Сказал Евсеев ледяным голосом.
Вдруг с ужасом Зимин понял, на кого был похож Евсеев. Евсеев был похож на Маркуса Вольфа. Очень сильно.
Зимин ощутил, как примерз к уху алюминий телефона.
– Ты куда исчез, Зимин? – спросил стеснительно Евсеев.
– Я тут. Я согласен.
– Спасибо, – вздохнул Маркус Вольф. – Евгений Кокосов не покупал железнодорожные билеты. На всякий случай я проверил на неделю вперед и на неделю назад. Ничего. Кокосов билеты не покупал.
– А кто покупал? – дрожащим голосом спросил Зимин.
– Только ты. Один. Во всем вагоне.
Евсеев снова отключился.
Зимин думал. Некоторое время он еще держал трубку возле уха, потом положил ее на стол. Думал. Только ничего у него не придумывалось. Тупость. В голове сплошная вата.

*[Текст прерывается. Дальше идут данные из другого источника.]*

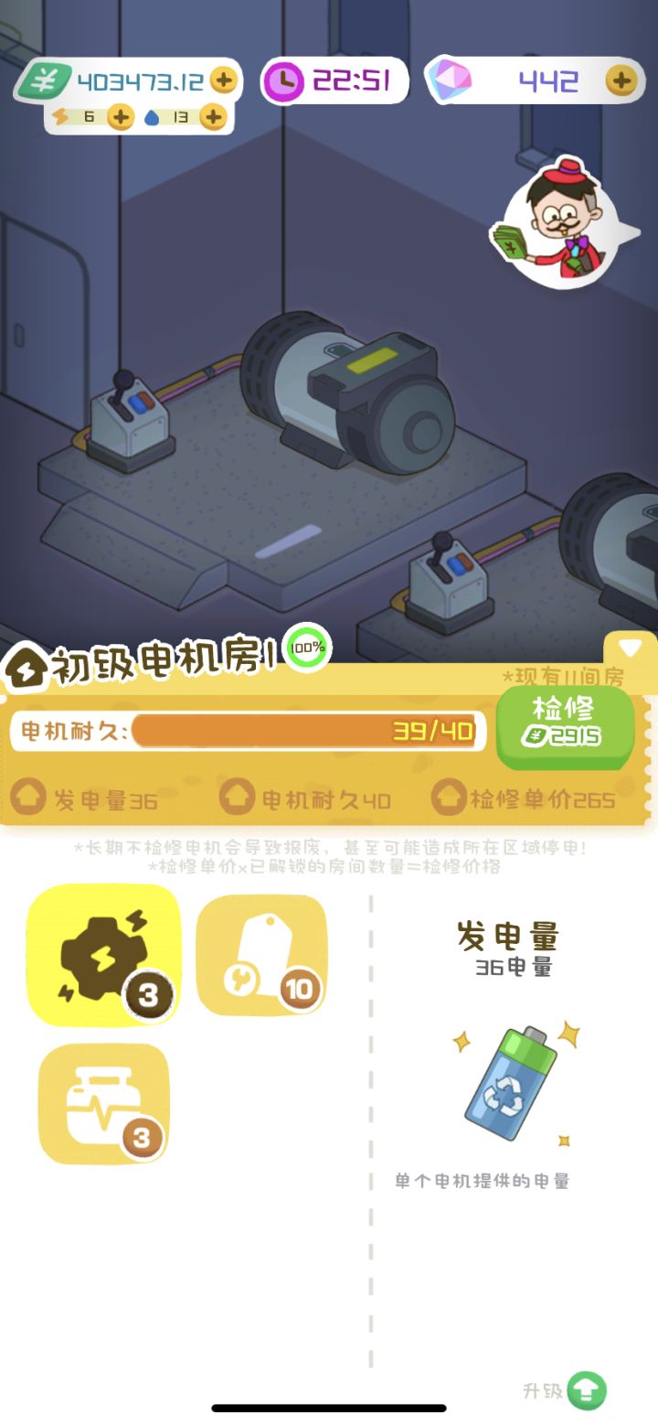 (注意.电机是你必须关注的,不检修电机会报废,也就是会停电,停电就没有收益)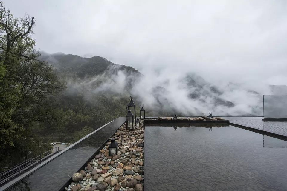 33間客房,配備接待大堂、圖書閱覽、餐廳廚房、恒溫泳池的公共區域,2688㎡的建筑面積,對于一個山間民宿無疑已是巨大的體量。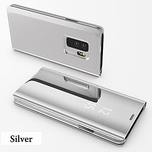Original price was: 14.80€.12.90€Η τρέχουσα τιμή είναι: 12.90€.Θήκη SAMSUNG Galaxy S9 Plus OEM Clear View & Mirror Surface με βάση στήριξης Flip Window δερματίνη ασημί
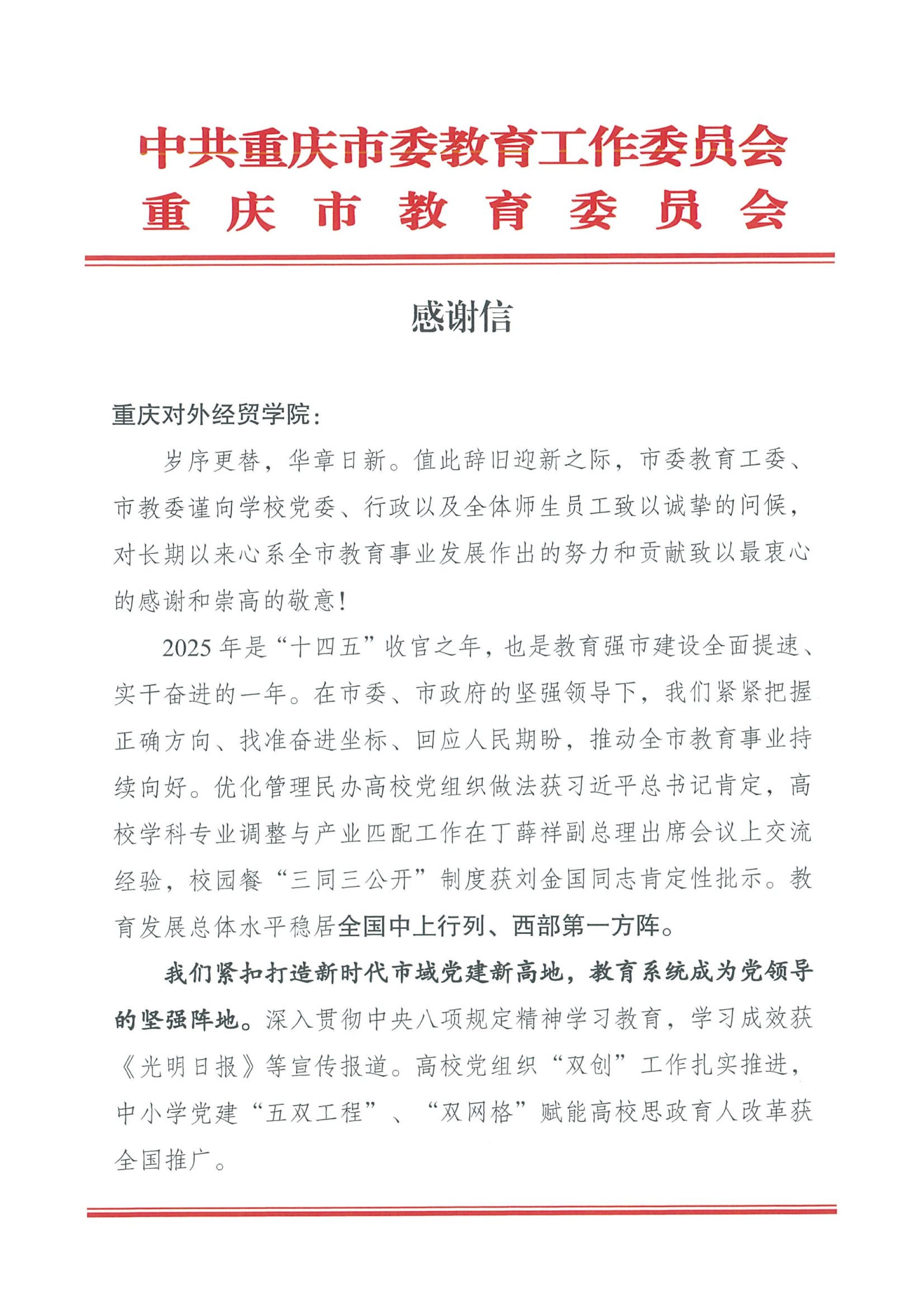 学校收到市教委的新春问候与谢意
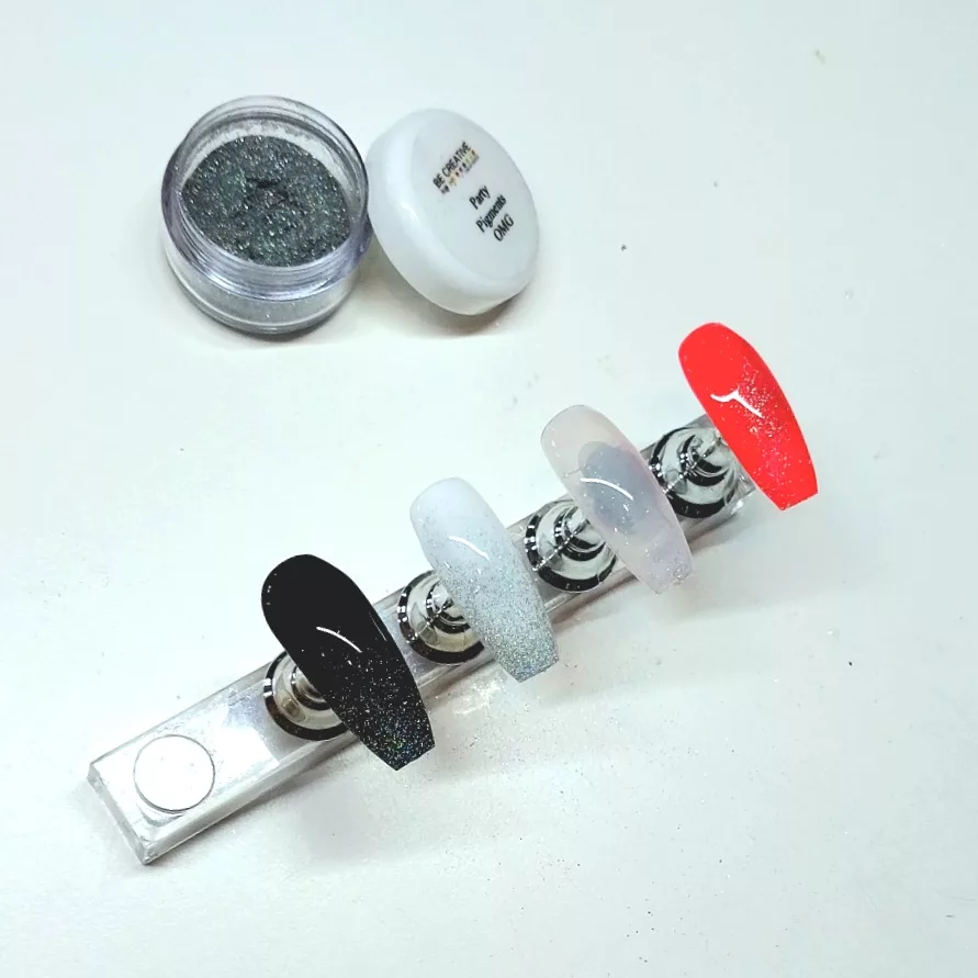 Login to see pricesOMG is from the Party Pigments collection of microfine glitters. This is colour that literally moves with the light as tiny particles of pigment, finer than sand, sit flat on the nail and reflect light, giving you the thinnest possible glitter effect with no added bulk! It can be used for chrome effect, donut nails, or as a strong colour over a dark gel base.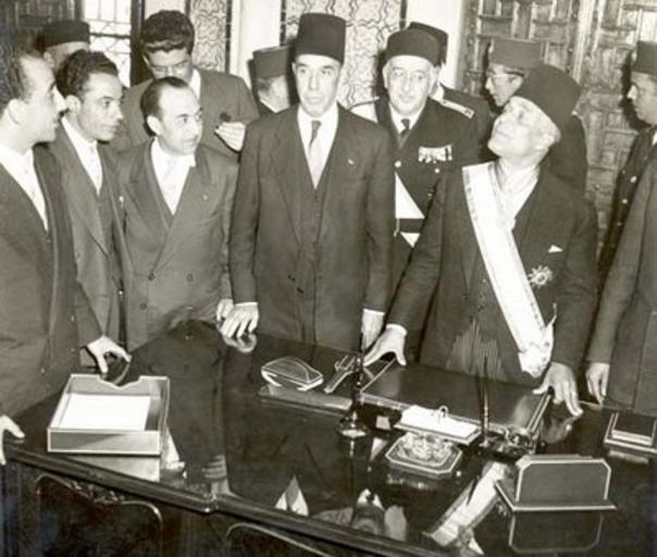 Keywords: Passation des pouvoirs, Dar El Bey.PNG en Passation des pouvoirs entre Habib Bourguiba et Tahar Ben Ammar 2014-02-13 13 54 33 Habib Bourguiba le bon grain et l'ivraie author PD-Tunisia Uploaded with UploadWizard Tahar Ben Ammar Habib Bourguiba in 1956 |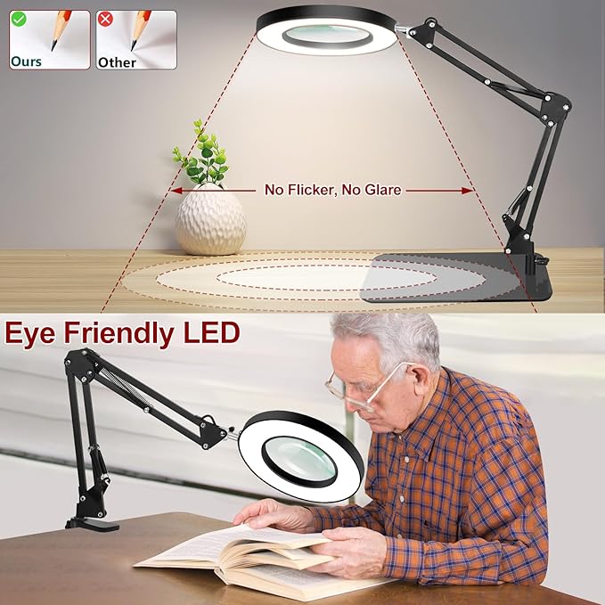 - Eye-Friendly Lighting: This desk magnifying lights adopts the latest generation of high-quality LED beads with professional design, no flicker, no blue light, effectively protecting your vision. our magnifying lamp with 5 levels of color temperature adjustment and 10 levels of stepless lighting control.
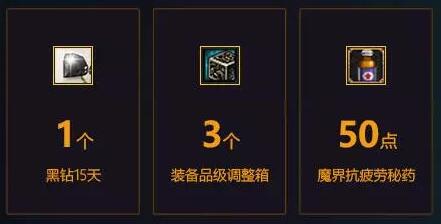 2、开通一个月豪华绿钻即可领取专属礼包:黑钻15天+装备品级调整箱*3+魔界抗疲劳秘药50点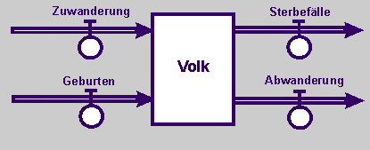 Bei Vernachlässigung der Größen Fruchtbarkeit und Sterbeziffer kann das Wirkungsdiagramm auch wie folgt aussehen: Es besteht aus zwei Rückkopplungskreisen. Der eine ist positiv. Je mehr Menschen leben, umso mehr Kinder werden bei gegebener Geburtenrate geboren. Der andere Rückkopplungskreis ist negativ. Je mehr Menschen leben, umso mehr werden sterben, bei gegebener Sterberate. |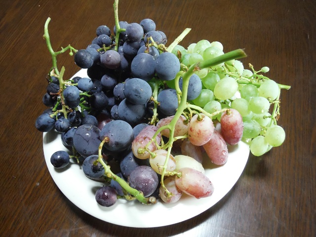 バッファロー、岩倉黒、ヒムロットシードレス、下村早生巨峰、リザマートの盛合せです。美味しいので対食べすぎてしまい、お腹の膨らみが増しそうです。 |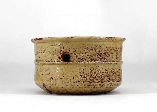 黄瀬戸茶碗。初名古陶園春逸を名乗り、弟小三郎独立に春逸を贈り二代作助を名乗る。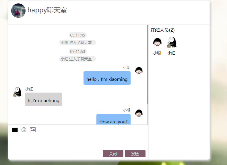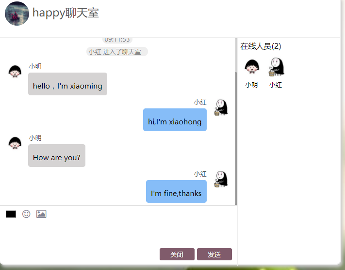 服务端监听到sendMsg事件,触发客户端的receiveMsg事件,当前客户端消息显示在右侧,其他客户端显示在左侧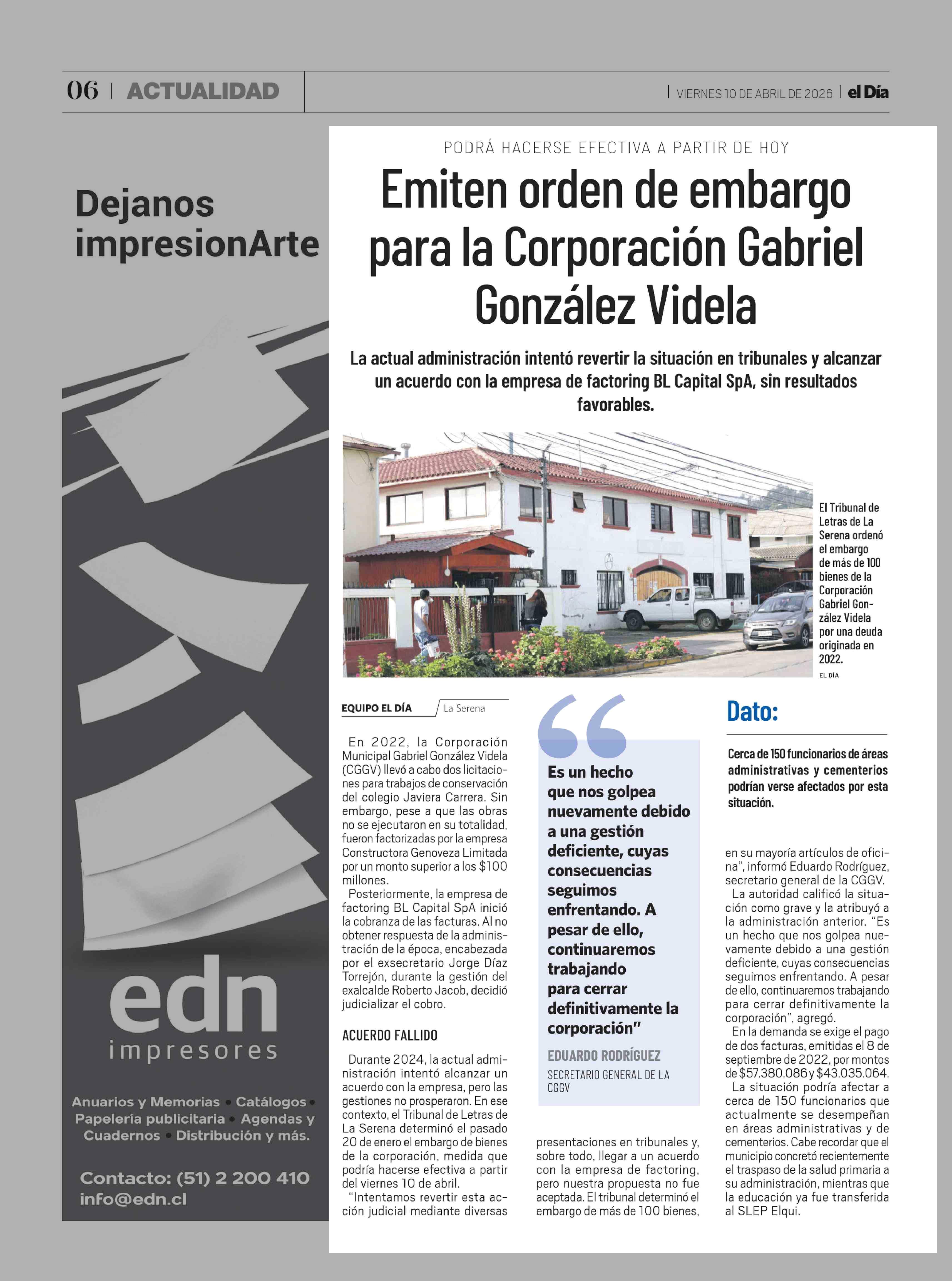 Emiten orden de embargo para la Corporación Gabriel González Videla 10-04-2026 El Día |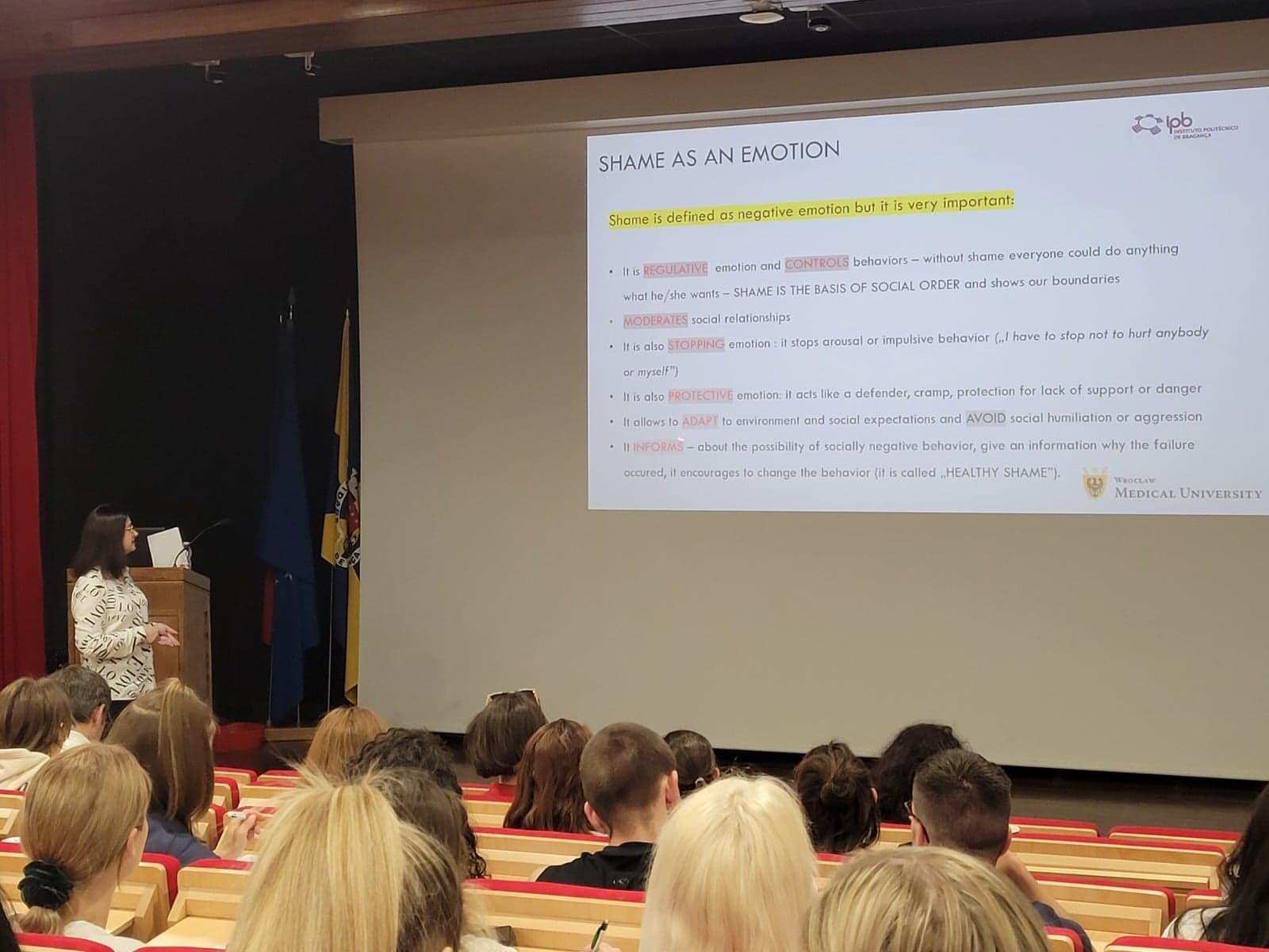 Podczas stacjonarnego kursu EE, dr Agnieszka Lintowska zapoznała studentów z technikami oddechowymi wspomagającymi radzenie sobie z trudnymi emocjami, a dr Monika Wójta-Kempa przeprowadziła seminarium na temat związku pomiędzy odczuwaniem wstydu a obszarem zdrowia fizycznego, psychicznego i społecznego.
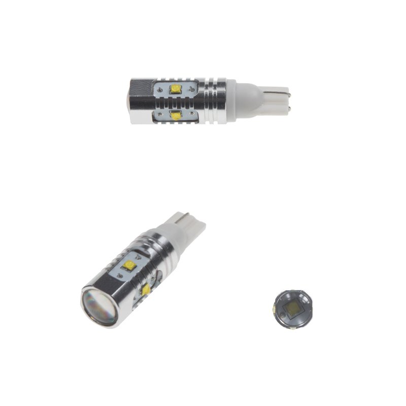 Nová generace LED autožárovek s paticí T10, bílá, 5x super svítivý LED čip CREE XBD 5 W + rozptylová krycí čočka.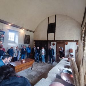 14H00 La visite du château démarre, notre guide la fille de la propriétaire nous raconte l’histoire de l’édification du domaine et des familles qui se sont succédées puis vient la visite des différentes salles avec leur spécificité telles que la cuisine et son piano en granit ou bien celle avec son armoire malouine et ses portraits sans oublier les salles avec les pièces en argent pour les dîners et repas.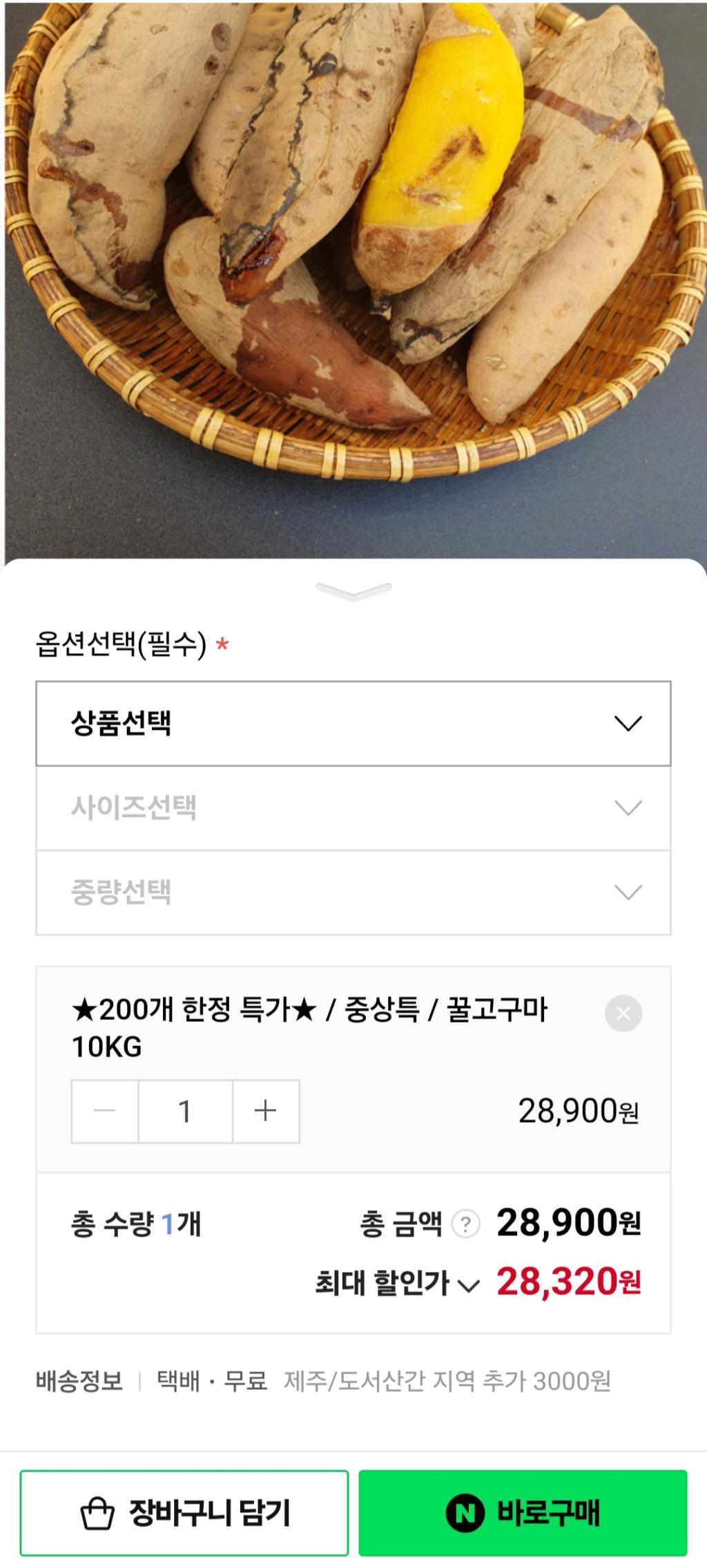 [네이버] 꿀 고구마 중상특 10KG(무배)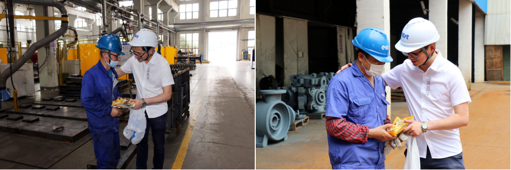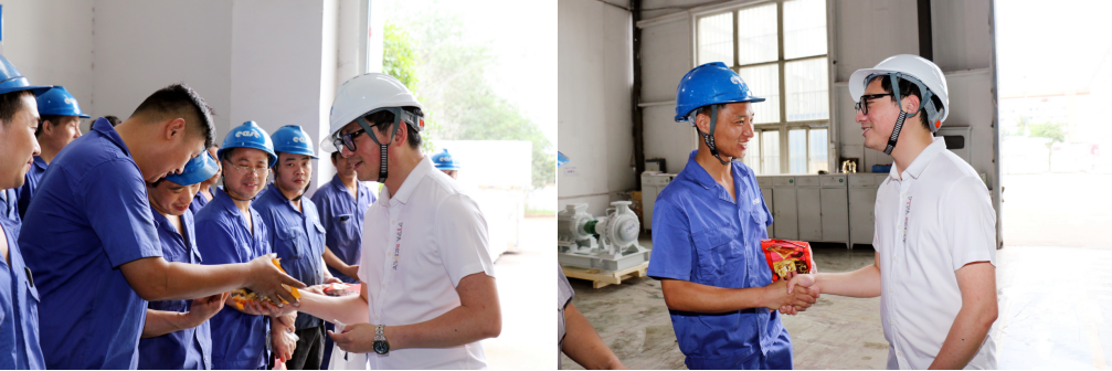 6月13日,端午节期间,东方泵业生产车间现场依旧热火朝天地进行作业。集团董事长助理吴俊力等高层领导组成的慰问小组,深入公司一线,为节日期间依然奋战在一线、坚守在岗位上的职工送去了飘香的粽子,同时向职工家属给予的理解与支持表示最诚挚的感谢!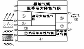 气候类型⑤分布的一般规律是 (要说明纬度位置和海陆位置)。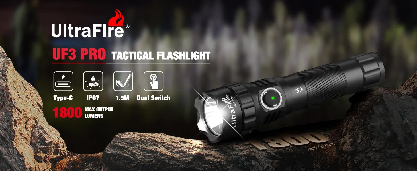The UF3 PRO delivers 1800 lumens in a rugged tactical design with dual switches for fast, reliable control—ideal for law enforcement, patrol, and outdoor use.

Надо было что-то решать. Но навалившееся отупение не отпускало, напротив, прихватывало крепче, запуская в мозг мягкие плотные щупальца.
Он потянулся, хрустнул костями и шеей, и спиной, и увидел на потолке муху. Ему показалось, что это та же самая муха, что и в больничной палате. Это Зимину тоже очень не понравилось, он дотянулся до журнала «Американский чоппер», вырвал страницу с объявлениями, откусил от нее лоскут и принялся жевать. Тщательно жуя, сооружая из бумаги круглый катыш, тяжелый и плотный. Потом он свернул из оставшихся страниц «Американского чоппера» трубку, прицелился и стрельнул. Мимо. Муха осталась жива, Зимин сжевал другой лист, прицелился и выстрелил еще. И снова мимо.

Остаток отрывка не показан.